Back into the house...
with the youngest running after the cat wherever it goes...
Singaporean toddlers her age are way behind in terms of ability to scramble up wooden ladders & dirt slopes barefooted.
At the hearth in the men's half of the house - they always do the cooking together :)
Traditionally Akha women cooked only the rice & vegetables, while Akha men took care of everything to do with meat - hunting, slaughtering, removing fur, cooking & of course eating. Many other tasks are similarly divided by gender into 'men's work' & 'women's work' according to tradition, such that husband & wife must work together to get things done e.g. planting rice - men dig the holes in the soil for women to throw in the rice seed, building houses - men cut the trees & bamboo to build the main structure while women cut the imperata grass & assemble them into roofing material.

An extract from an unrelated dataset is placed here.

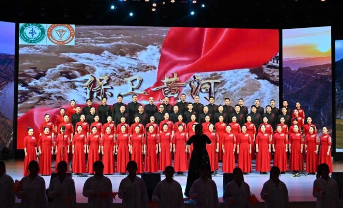 从经典红歌到时代新曲,比赛在多元的编排中彰显艺术创造力,铿锵旋律传递深沉家国情怀。舞台之上,各参赛队伍精神抖擞、意气轩昂,以嘹亮歌声传递赤诚初心:《保卫黄河》《四渡赤水出奇兵》气势磅礴,复刻革命岁月的热血担当;《不忘初心》《我和我的祖国》《灯火里的中国》温情满溢,诉说对家国的赤诚眷恋;《奉献》《如愿》《新的天地》铿锵有力,彰显贵医人扎根新时代、奋进新征程的医者担当……离退休处党总支作为特邀表演嘉宾,以《南泥湾》《彩虹》两首合唱曲目拉开赛事序幕,引领全场共忆艰苦奋斗的峥嵘岁月,颂扬美好新时代。

Purple sticky rice (at bottom left on floor) to go with breakfast:
Leftovers from yesterday's dinner (same practice as in the cat's home) + eggs from one of the Ban Huay Mae Sai shops with กุนเชียง goon4 qiang1 (aka. 腊肠 la4 chang2/lup cheong/Chinese sausage) from Chiangrai municipal market + fish from the cat:
The goon qiang isn't exactly the healthiest of foods but it's the easiest to store long term (needs no refrigeration). The 'fish from the sea' is because they don't get to eat any fish bigger than the little loach-like freshwater fish that they dig up from the mud in forest streams (it can take an entire morning to dig up just a few), unless they make the trip out to Chiangrai city & splurge on bigger fish at the market. Before there was iodised salt, goitre was a problem for people living up in the mountains far from the nearest sea, & a few of the very old folks in Ban Apa have visible goitre. A few people from the buseh's (headman's) household came over to try the 'fish from the sea' (the cat still hasn't figured out how these two households are related & keeps forgetting to ask).